Checkpoint every_n_steps reruns epoch on restore #19815

heth27 · 2024-04-25T15:55:36Z

Bug description

The checkpoint callback is run before batch_progress.increment_completed() in training_epoch_loop's advance method. Thus in the checkpoint
checkpoint['loops']['fit_loop']['epoch_loop.batch_progress']['total']['completed'] e.g. 9
is one smaller than for example
checkpoint['loops']['fit_loop']['epoch_loop.batch_progress']['total']['processed'] e.g. 10 or global step.
same for checkpoint['loops']['fit_loop']['epoch_loop.state_dict']['_batches_that_stepped']

Thus when restoring from the checkpoint the batch with batch_idx 9 is run again, even though optimizer step was already done for this batch.

This behavior is unexpected enough to at least warrant a hint in the documentation if not regarded as a bug.

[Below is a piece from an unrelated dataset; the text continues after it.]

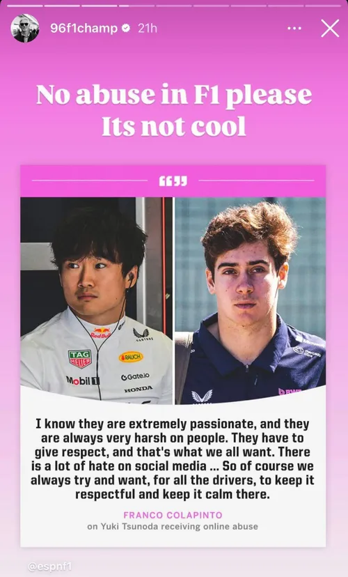 This is not the first time someone has had to speak out against online abuse, as Yuki Tsunoda has also had to speak out about the hate he has received lately.

What version are you seeing the problem on?

master

How to reproduce the bug

import os
import math
import time
from typing import Any

import torch
from lightning.fabric.accelerators import find_usable_cuda_devices
from lightning.pytorch.callbacks import ModelCheckpoint, OnExceptionCheckpoint, TQDMProgressBar
from lightning.pytorch.utilities.types import STEP_OUTPUT
from torch import nn
from torch.utils.data import Dataset, DataLoader, Sampler

import lightning.pytorch as pl
from lightning.pytorch import loggers as pl_loggers


class TestModule(nn.Module):
    def __init__(self, in_dim=512, out_dim=16):
        super().__init__()
        self.in_dim = in_dim
        self.out_dim = out_dim
        self.simple_layer = nn.Linear(self.in_dim, self.out_dim, bias=True)

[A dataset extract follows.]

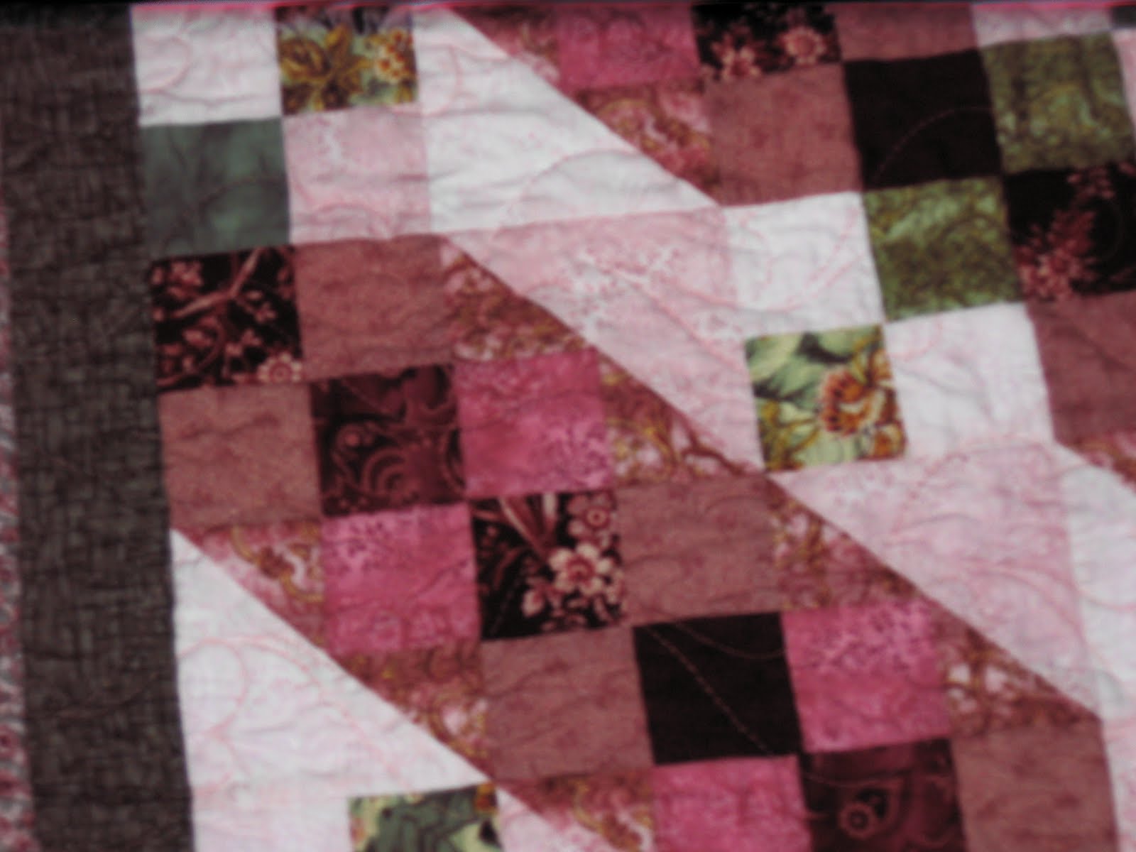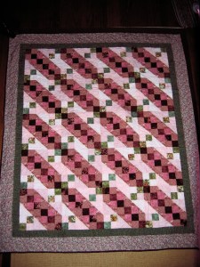 Now that Christmas is over and all the boxes arrived at their intended destinations, I can show some more quilts. This one is a Jacob’s ladder. It’s about 55×70. Pretty standard pattern in pink, burgundy and green. I sent it out for Deb to quilt and yet again, it looks great. No close-ups on the quilting though, sorry.

    def forward(self, input):
        return self.simple_layer(input)


class TestBatchSampler(Sampler):
    def __init__(self):
        super().__init__()

    def __len__(self) -> int:
        return 1e100
        # return len(self.train_allfiles)

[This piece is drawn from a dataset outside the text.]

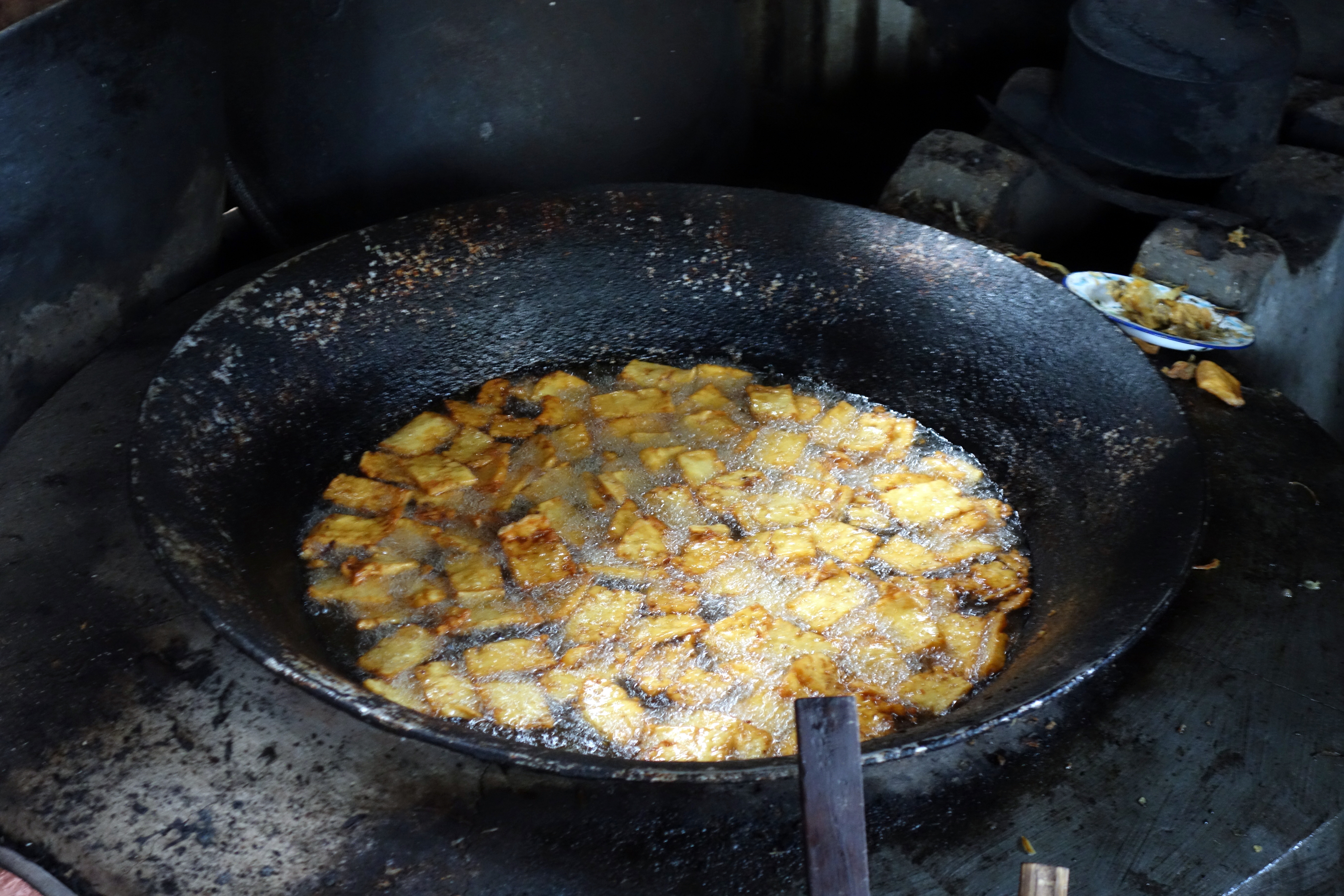 Je m’arrête et me joins à un groupe de 5 hispanophones : un colombien, trois équatoriennes et une espagnole ! Je comprends à peu près ce qu’ils racontent mais suis obligée de répondre en Anglais, aucun mot ne me vient en espagnol ! Ils font aussi l’effort de parler anglais, c’est top ! Ils sont très sympas et on commence la dégustation ensemble avec du tofu frits à tremper dans une sauce, c’est délicieux ! Je ne saurai pas franchement à quoi le comparer… de l’omelette peut être ? En différent haha ! C’est vraiment très bon. On a aussi du tofu séché frit qui ressemble vraiment à des gâteaux apéros croquants ! Puis, on part pour la visite. On traverse différentes petites maisons, à l’intérieur de chacune une famille travaille à la fabrication manuelle du tofu. Vous saviez comment c’est fait vous ? Moi pas du tout !

    def __iter__(self):  # -> Iterator[int]:
        return self

    def __next__(self):  # -> Iterator[int]:
        return torch.tensor([1])


class TestDataset(Dataset):
    def __init__(self, in_dim):
        super().__init__()
        self.in_dim = in_dim
        self.total_len = 512

    def __len__(self):
        return 1

    def __getitem__(self, idx):
        return torch.randn(self.in_dim)


class TestDataModule(pl.LightningDataModule):
    def __init__(self):
        super().__init__()
        self.in_dim = 512
        self.val_batch_size = 1

    def train_dataloader(self):
        train_ds = TestDataset(self.in_dim)
        train_dl = DataLoader(train_ds, batch_sampler=TestBatchSampler(), num_workers=4, shuffle=False)
        return train_dl

    def val_dataloader(self):
        val_ds = TestDataset(self.in_dim)
        val_dl = DataLoader(val_ds, batch_size=self.val_batch_size, num_workers=4, shuffle=False)
        return val_dl


class TestLitModel(pl.LightningModule):
    def __init__(self):
        super().__init__()
        self.test_module_obj = TestModule(in_dim=512, out_dim=16)
        self.automatic_optimization = False

    def on_train_batch_end(self, outputs: STEP_OUTPUT, batch: Any, batch_idx: int) -> None:
        print(f"train_batch ended:{batch_idx}")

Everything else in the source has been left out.